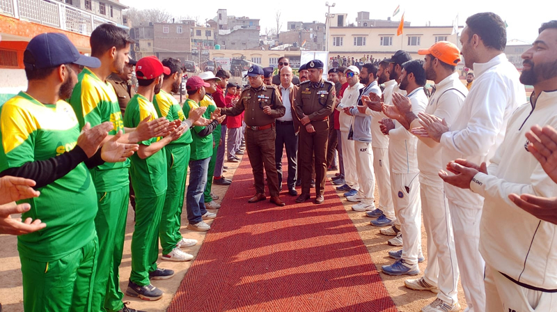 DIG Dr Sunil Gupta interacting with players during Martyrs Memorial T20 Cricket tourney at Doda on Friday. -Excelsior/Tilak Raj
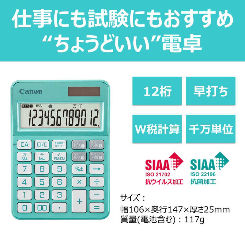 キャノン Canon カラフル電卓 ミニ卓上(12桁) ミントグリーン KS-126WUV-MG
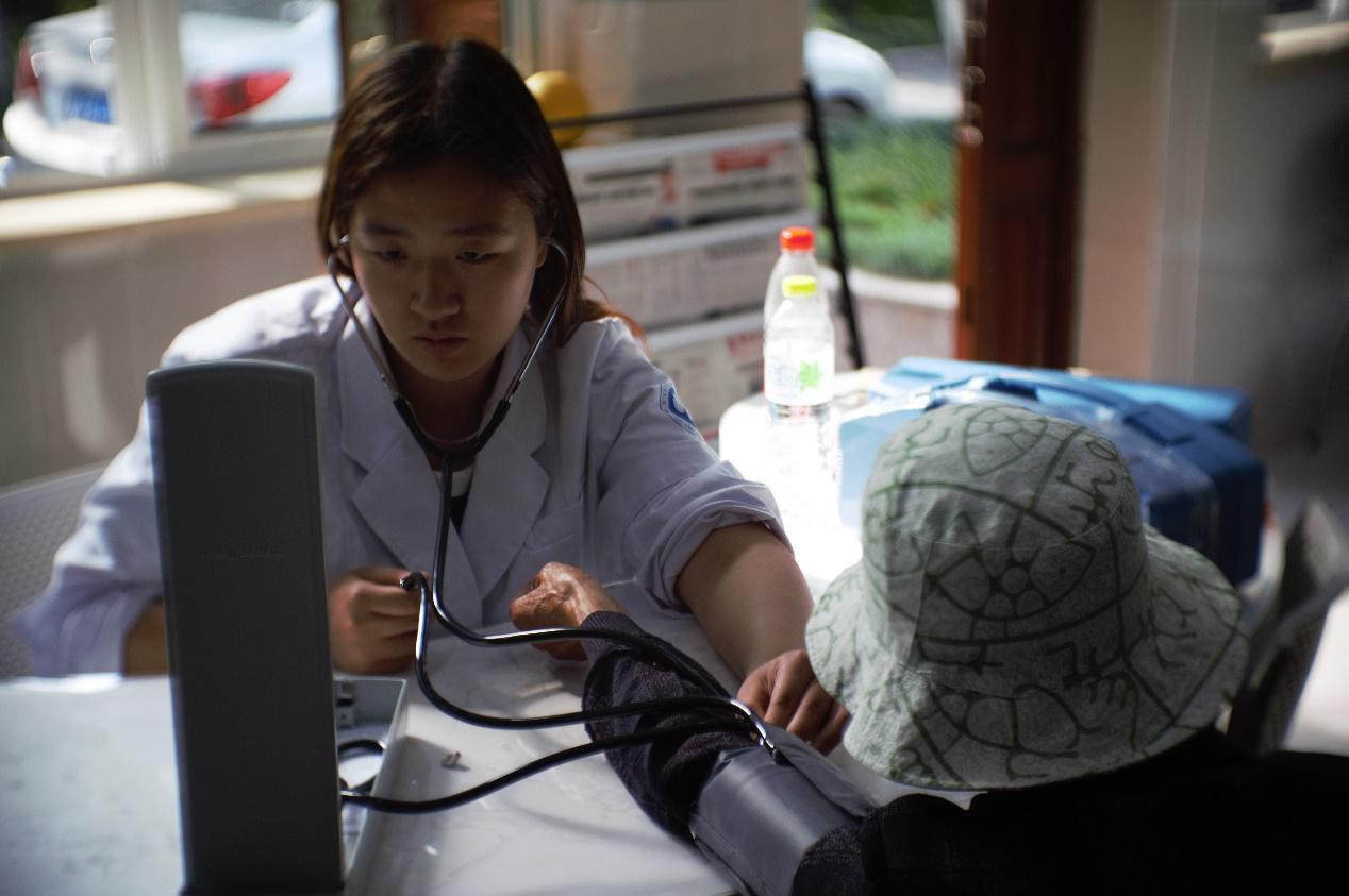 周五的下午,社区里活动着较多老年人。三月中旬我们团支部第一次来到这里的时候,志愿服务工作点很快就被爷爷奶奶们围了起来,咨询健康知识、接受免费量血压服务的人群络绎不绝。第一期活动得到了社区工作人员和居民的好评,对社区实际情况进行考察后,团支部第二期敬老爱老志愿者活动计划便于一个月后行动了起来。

☆ ☆ ☆ ☆

• WORK TO BE COMPLETED:
Exclude the pictures and give back the rest of the data above exactly as written.

• EXERCISE SOLUTION:
 DIG Dr Sunil Gupta interacting with players during Martyrs Memorial T20 Cricket tourney at Doda on Friday. -Excelsior/Tilak Raj
 キャノン Canon カラフル電卓 ミニ卓上(12桁) ミントグリーン KS-126WUV-MG
 周五的下午,社区里活动着较多老年人。三月中旬我们团支部第一次来到这里的时候,志愿服务工作点很快就被爷爷奶奶们围了起来,咨询健康知识、接受免费量血压服务的人群络绎不绝。第一期活动得到了社区工作人员和居民的好评,对社区实际情况进行考察后,团支部第二期敬老爱老志愿者活动计划便于一个月后行动了起来。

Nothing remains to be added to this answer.